Output exactly the lines from the one containing "Stable (ruins), Green" through the final line of the entries below, both included, and skip the pictures.

- THE DATA:
+--

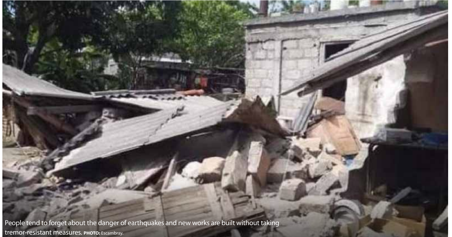
People tend to forget about the danger of earthquakes and new works are built without taking tremor-resistant measures.

Specialists stress that although aftershocks can or cannot be perceived by people, the truth is that those vibrations continue
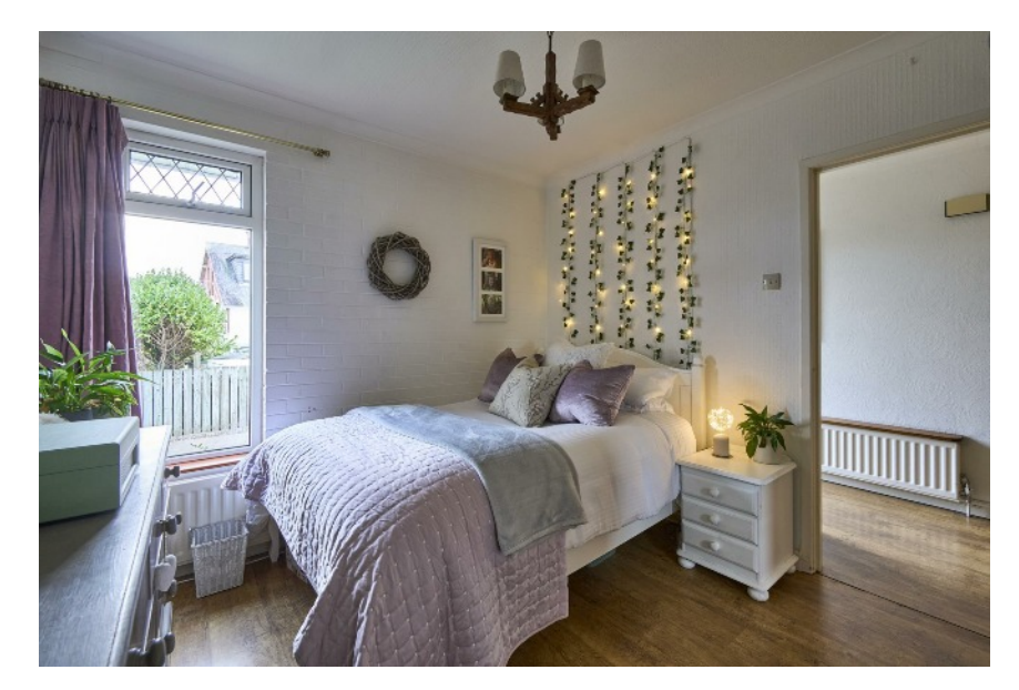
BEDROOM (4): 9' 3" \times 8' 3" (2.82m \times 2.51m) Laminate wood floor, wall to wall range of built-in
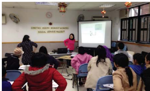
▼ Seminar about self massage and menopause

workers' groups to promote labour rights in Hong Kong and to strive for improving the unfavourable policies for foreign domestic helpers. Various supportive programmes were also launched, such as language programme, orientation programme, stress management course, health concern day and women's seminar.
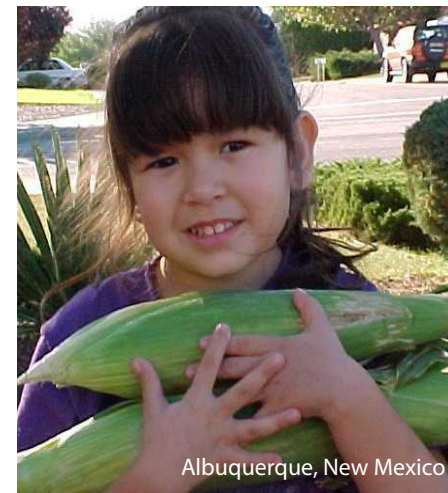
Albuquerque, New Mexico

When Abraham Lincoln founded USDA in 1862, he referred to it as "The People's Department." It is a description that is as true today as it was then. USDA touches the lives of Americans every day. To commemorate this significant link to all Americans, Secretary of Agriculture Tom Vilsack, broke ground on the first People's Garden at USDA Headquarters on February 12, 2009, the bicentennial of Lincoln's birthday. Today, the entire grounds are a part of this garden. Plans are being developed to create rooftop and rain gardens and incorporate pollinator, wildlife, and edible components throughout the landscape. The garden at USDA headquarters, as well as gardens at all USDA facilities, will demonstrate sustainable conservation practices and will be used to educate and engage the public.
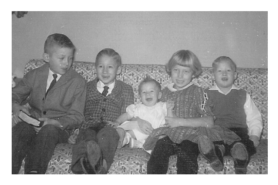
My siblings and I dressed for church.

Please note that this book is not about how to become more religious or how to become a better church member. Those are worthy goals, which have their place, to be sure. But here, I want to discuss something that I consider to be far more important. It's one thing to be religious, but it's quite another to be spiritual. Wouldn't you agree? What this book offers is a simple plan for becoming a more spiritual person, one who enjoys a growing connection with the supreme being of the universe.
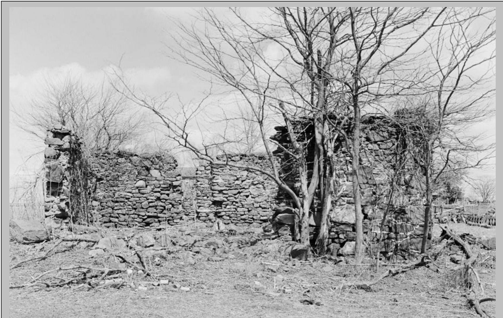
Stable (ruins), Green Hill Plantation, Virginia, 1960
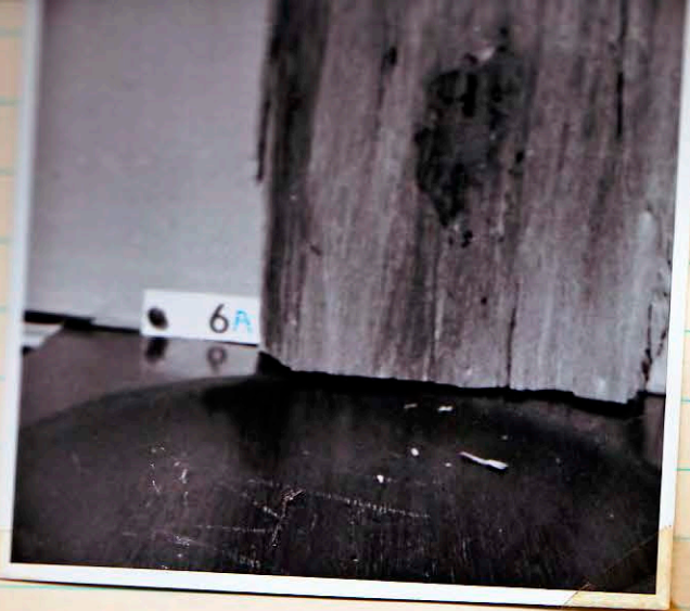
16. As for '7'.
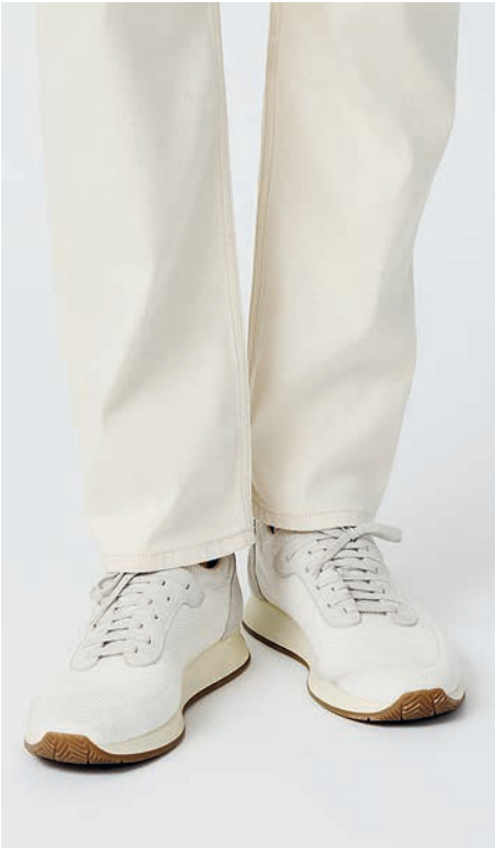
Look 9177 Off-white-ecru linen-silk-wool-cotton herringbone jacket - SH00162 White cotton-linen shirt - TLN003 D.taupe stretch wool-linen blend plain weave tie - PLIN001 White linen pocket square - WAS025 Ecru stretch jeans - KNI01 Off-white knit runners (Made in Portugal)
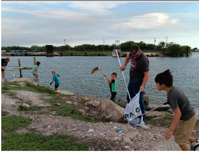
At Navigation District Harbor
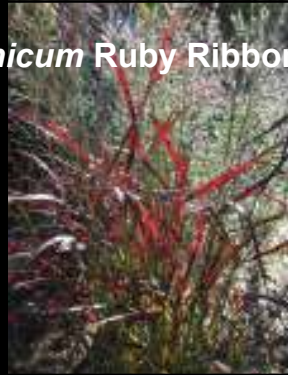
Panicum Ruby Ribbons™
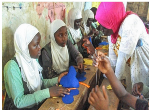
Adolescent girls from Kyabbuza Primary school being trained in menstrual hygiene & how to make RUMPS
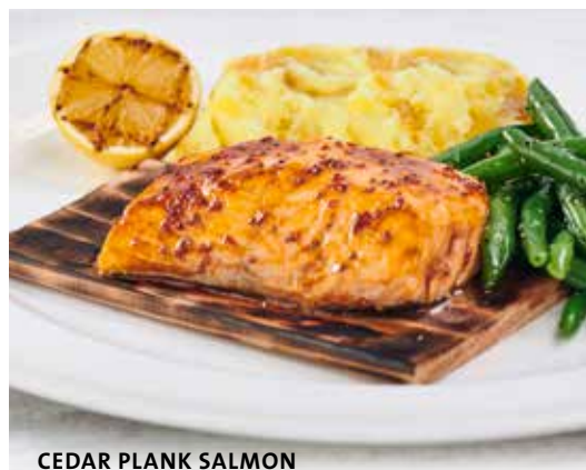
CEDAR PLANK SALMON

Half chicken, brined then basted with our house-made barbecue sauce and roasted until fork-tender. Served with seasoned fries, coleslaw and ranch-style beans.* £22.95 (1340 cal)

+--

- ANSWER SECTION:
Stable (ruins), Green Hill Plantation, Virginia, 1960
16. As for '7'.
Look 9177 Off-white-ecru linen-silk-wool-cotton herringbone jacket - SH00162 White cotton-linen shirt - TLN003 D.taupe stretch wool-linen blend plain weave tie - PLIN001 White linen pocket square - WAS025 Ecru stretch jeans - KNI01 Off-white knit runners (Made in Portugal)
At Navigation District Harbor
Panicum Ruby Ribbons™
Adolescent girls from Kyabbuza Primary school being trained in menstrual hygiene & how to make RUMPS
CEDAR PLANK SALMON

Half chicken, brined then basted with our house-made barbecue sauce and roasted until fork-tender. Served with seasoned fries, coleslaw and ranch-style beans.* £22.95 (1340 cal)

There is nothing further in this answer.